Your instructions: Strip out all images, then restate the data verbatim.

Data segment:
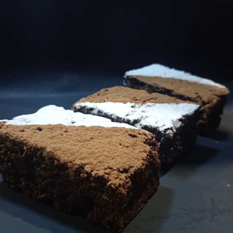 Irresistible brownie de textura densa, con nuez troceada y un delicado acabado de cocoa y azúcar glass.
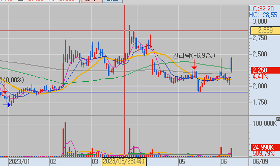 지금 크게 최근에 갭으로 띄운 다음에 떨어뜨리면서 이제 매집했다고 보이는 이 6월 1일 이전에는 그냥 돈이 들어온 적이 없어요. 그렇다 보니까 이거를 뭐 쉽게 사는 건 위험하죠. 그냥 우리가 지켜보면서 진짜 길게 보고 간다면 한번 해볼 만한 종목이긴 합니다.
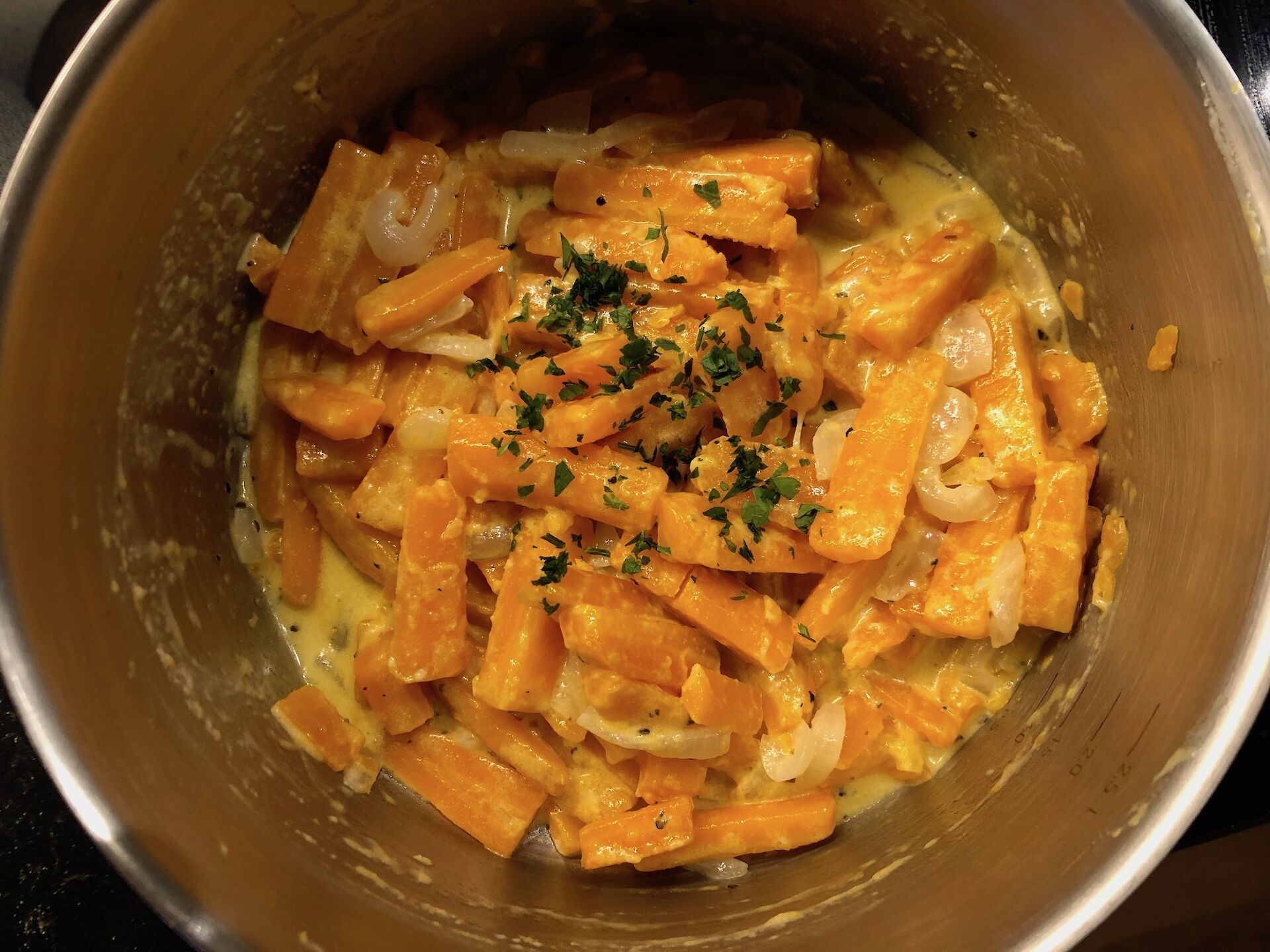 - Salare quando prende il bollore e proseguire per ca 20 minuti (controllare con un coltello la consistenza delle carote: sono cotte se la punta del coltello le passa senza forzare).

Problem solution:
 Irresistible brownie de textura densa, con nuez troceada y un delicado acabado de cocoa y azúcar glass.
 지금 크게 최근에 갭으로 띄운 다음에 떨어뜨리면서 이제 매집했다고 보이는 이 6월 1일 이전에는 그냥 돈이 들어온 적이 없어요. 그렇다 보니까 이거를 뭐 쉽게 사는 건 위험하죠. 그냥 우리가 지켜보면서 진짜 길게 보고 간다면 한번 해볼 만한 종목이긴 합니다.
 - Salare quando prende il bollore e proseguire per ca 20 minuti (controllare con un coltello la consistenza delle carote: sono cotte se la punta del coltello le passa senza forzare).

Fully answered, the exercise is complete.